• [Information shown]:
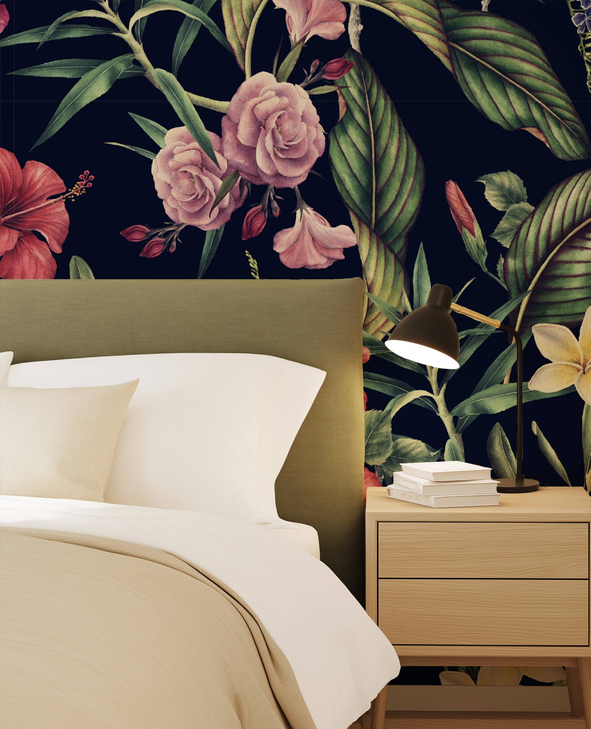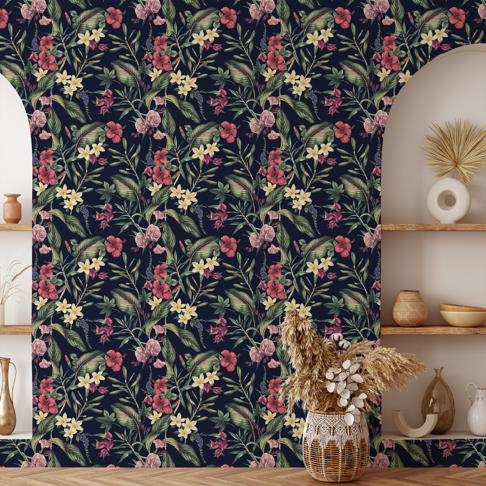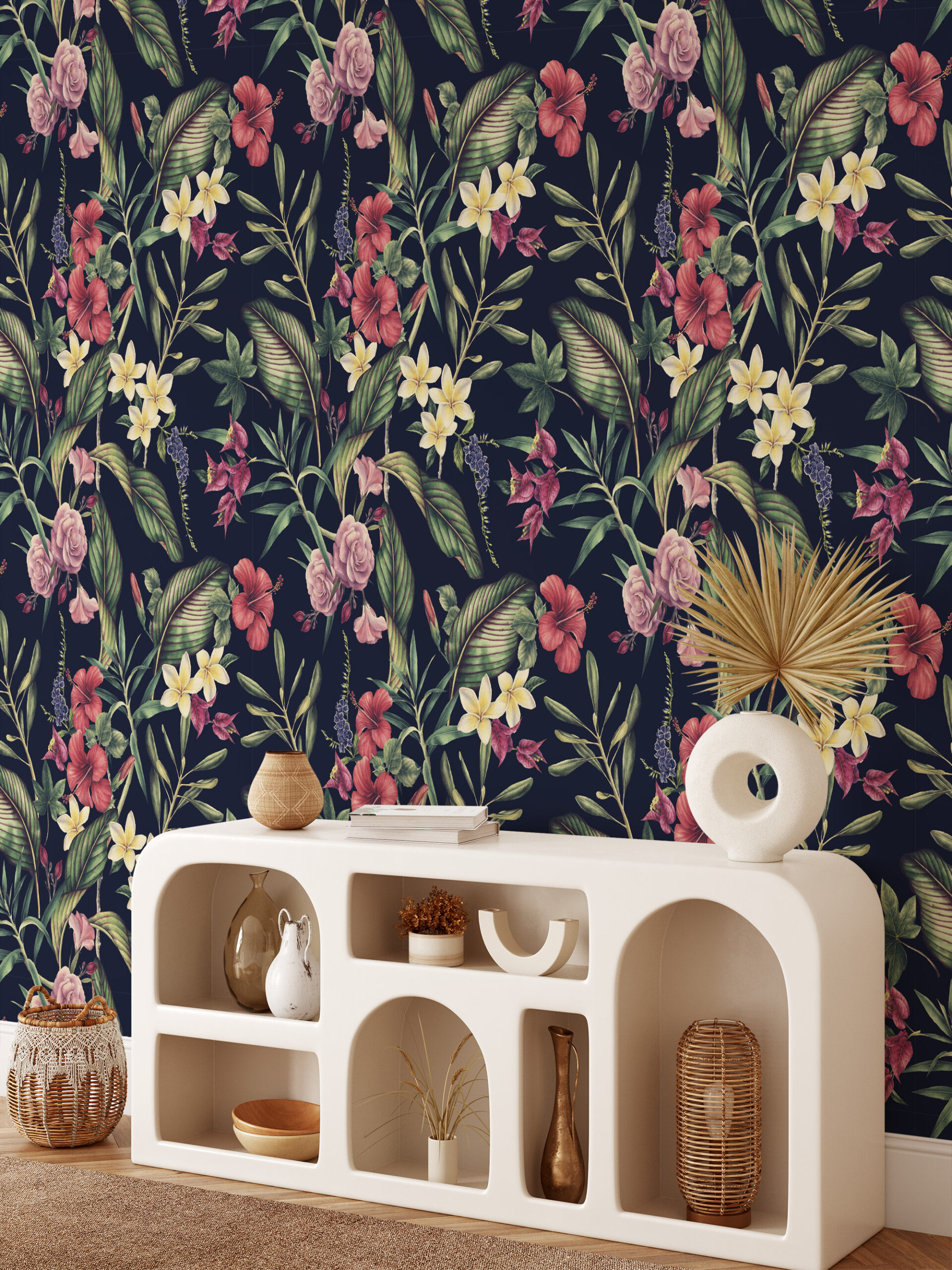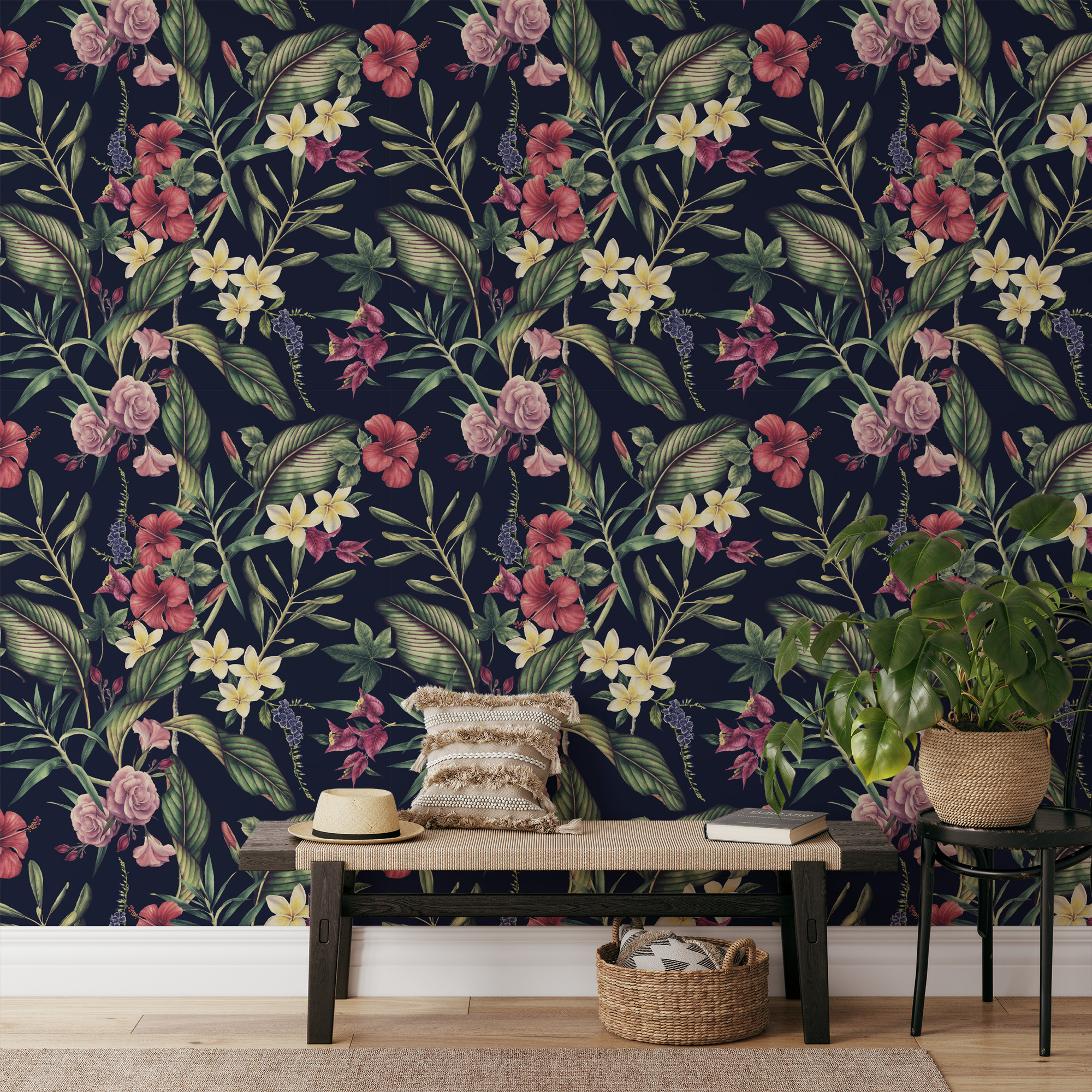 Moody Navy Tropical Floral Peel and Stick Wallpaper, Dark Botanical Hibiscus and Rose Wall Mural, Exotic Nature Entryway Decor flrl-0074
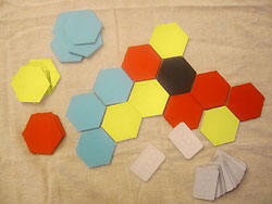 Le but est d'atteindre un objectif déterminé par une carte, soit de dessiner un ensemble de cinq pièces avec exactement quatre hexagones d'une même couleur et l'hexagone noir. Le principal intérêt tient dans le fait que les pièces n'appartiennent à personne en particulier. 6 × 5 est un dérivé de Xochintlan, du même auteur. On peut y jouer avec les pièces d'Exago. |
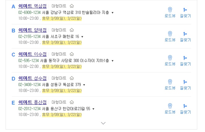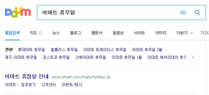 혹여나 경기도 고잔점처럼 그곳의 상황 때문에 다른 휴무일이 부여된 매장들 중에 내가 자주 다니는 매장이 포함되어 있지는 않나 의심이 드신다면 각 매장별로 이마트 휴무일이 어떻게 편성되어 있는지 확인하는 방법을 알려드리도록 하겠습니다. 네이버, 다음을 통해서 ‘이마트OO점’이라고 자신이 애용하는 지역 매장을 검색하시면 지도와 함께 해당 매장의 영업시간, 주소, 휴무일이 나타나는 걸 보실 수 있으실 겁니다.
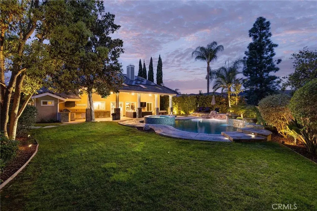 Expanded and rebuilt in 2004, this extraordinary property embraces luxury, sustainability, and the convenience of generational livingall in one exceptional home with an outdoor sanctuary ideal for entertaining and relaxation. Positioned on a spacious 12,000-square-foot lot, this reimagined home provides unparalleled craftsmanship and offers a versatile floor plan with the option of one or two distinct residences. You may enjoy a single 3,929 sq. ft. residence with six bedrooms and four baths, or, if you prefer, you can lock off one interior door to create a single-level, 479 sq. ft. mother-in-law quarters with its own private exterior entrance, kitchen, living area with a cozy fireplace, bedroom, bath, and laundry. Step inside the main residence through a striking leaded glass entry door into a welcoming two-story foyer. The home is accentuated by travertine flooring, custom iron railings, and refined crown molding. It boasts exquisite formal dining and living rooms that set an elegant tone. The family room features a cozy fireplace surrounded by a custom built-in, creating a warm and inviting space for gatherings. It is open to the gourmet chefs kitchen, which is outfitted with top-of-the-line stainless steel appliances, a gas cooktop, vent hood, double ovens, and a microwave. Granite countertops and a spacious kitchen island complete the space, making it both functional and stylish. Enjoy a resort-style, professionally designed rear yard with a large covered patio, an outdoor kitchen perfect for entertaining, a grassy yard, a fire pit, and a sparkling pool and spa enhance

• [Aim of the task]:
Repeat, word for word and with no pictures, only the lines running from the beginning of the data to the line that contains "Le but est d'atteindre".

• [Output of the task]:
 Moody Navy Tropical Floral Peel and Stick Wallpaper, Dark Botanical Hibiscus and Rose Wall Mural, Exotic Nature Entryway Decor flrl-0074
 Le but est d'atteindre un objectif déterminé par une carte, soit de dessiner un ensemble de cinq pièces avec exactement quatre hexagones d'une même couleur et l'hexagone noir. Le principal intérêt tient dans le fait que les pièces n'appartiennent à personne en particulier. 6 × 5 est un dérivé de Xochintlan, du même auteur. On peut y jouer avec les pièces d'Exago. |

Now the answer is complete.